Drew and I have always dreamed of a family composed of biological and adopted children. Five years ago we welcomed Ori, our biological daughter, into our lives and two years ago we initiated the process of adopting a second child.
The first year of our adoption journey involved research about adoption, adoptive families, adoption agencies, and everything else adoption. It also included the arduous task of filling out paperwork to complete our home study, a requirement in most states to adopt or foster children. In addition, we decided that it made more sense at the time for our family to pursue a private versus public adoption.

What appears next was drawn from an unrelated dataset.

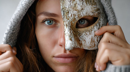 Hiding behind a mask, a young woman in a dark hoodie hides her face with a mask, self-identification problems and impostor syndrome. Portrait in the studio on a dark gray background.

One of the main advantages of private adoption is that you have more control over the adoption situation. You can specify the characteristics of a birthmother and the level of openness of your adoption. We did not put many restrictions on the birthmother characteristic. We hoped to be paired with a birthmother without a history of drug abuse, but knew that even the most ideal situation would have its risks. We also hoped for an open relationship with our baby’s birthmother, knowing that open relationships can often be better for birth and adoptive families. We also felt strongly that there is no such thing as too much love in any child’s life.
One month after our adoptive family profile went live, we received a call from our agency to tell us that we had been paired with a birthmother in Florida who was due in two days. This was a complete shock to us, since we were prepared to wait for at least six months before being paired, and another four to six months before the baby was born. But after a wonderful telephone conversation with the birthmother, we frantically began preparations for the arrival of the baby. We let as many family, friends, and co-workers as possible know that we would be disappearing for the next two weeks, and accepted all offers of assistance with clothing, lodging, and much more. We frantically packed bags and tried to remember what newborn babies needed.
Kateri arrived in Florida a few hours after the birth of a healthy baby boy. She was able to connect with his birthmother in the hospital and better understand why she had made the selfless decision to give him up for adoption. Together we gave the baby his name, Rafael, and committed to deeply love him and her as members of our family.
The rest of the family arrived to Florida two days later, and after another day we were named as Rafa’s official guardians/custodians. We will remain in Florida for at least another week, waiting for Florida and Virginia to give Interstate Compact on the Placement of Children (ICPC) approval. And thanks to our wonderful adoption agency and attorneys, we will hopefully finalize the adoption in 6-8 months.